+++ Source material +++

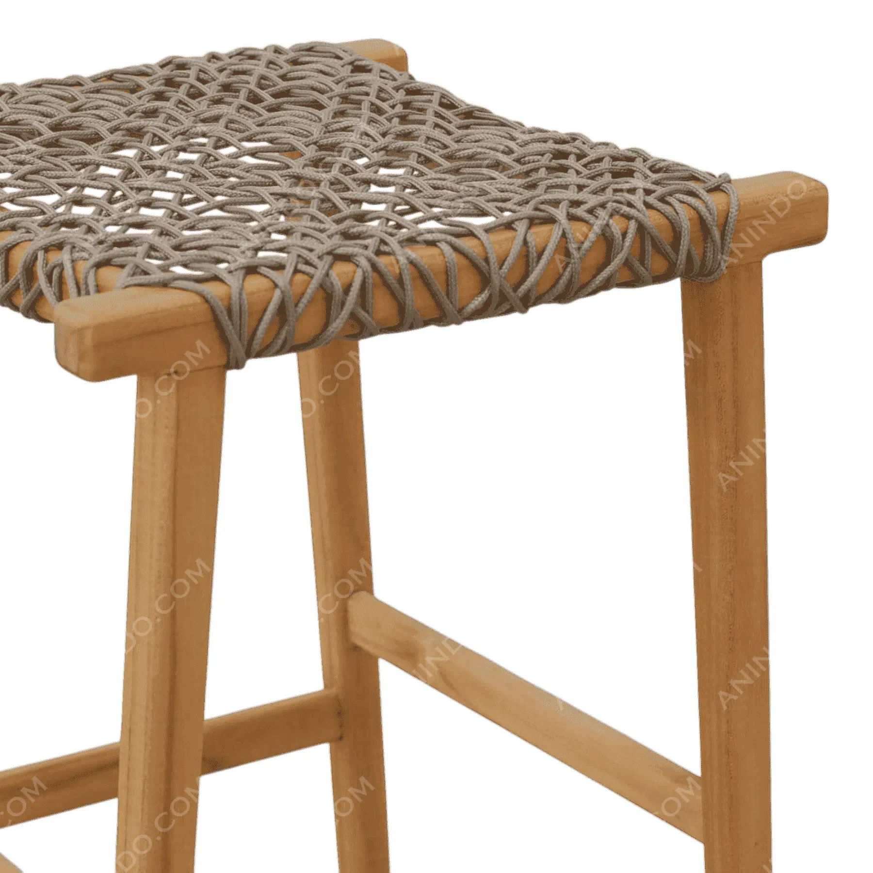 This design is a minimalist, backless stool that highlights the contrast between the smooth, solid teak frame and the intricate, textural, hand-woven rope seat
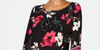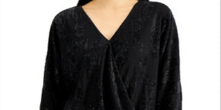 Blusa feminina Alfani com bainha em V e borda remendada, preta, tamanho pequeno G
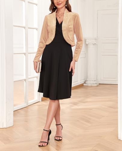 More information about Women's Long Sleeve Velvet Shrug for Dresses Cocktail Party Open Front Cropped Bolero Cardigan Top

+++

Work to complete: Once the pictures are removed, output the remaining material exactly.

Result of the task:
 This design is a minimalist, backless stool that highlights the contrast between the smooth, solid teak frame and the intricate, textural, hand-woven rope seat
 Blusa feminina Alfani com bainha em V e borda remendada, preta, tamanho pequeno G
 More information about Women's Long Sleeve Velvet Shrug for Dresses Cocktail Party Open Front Cropped Bolero Cardigan Top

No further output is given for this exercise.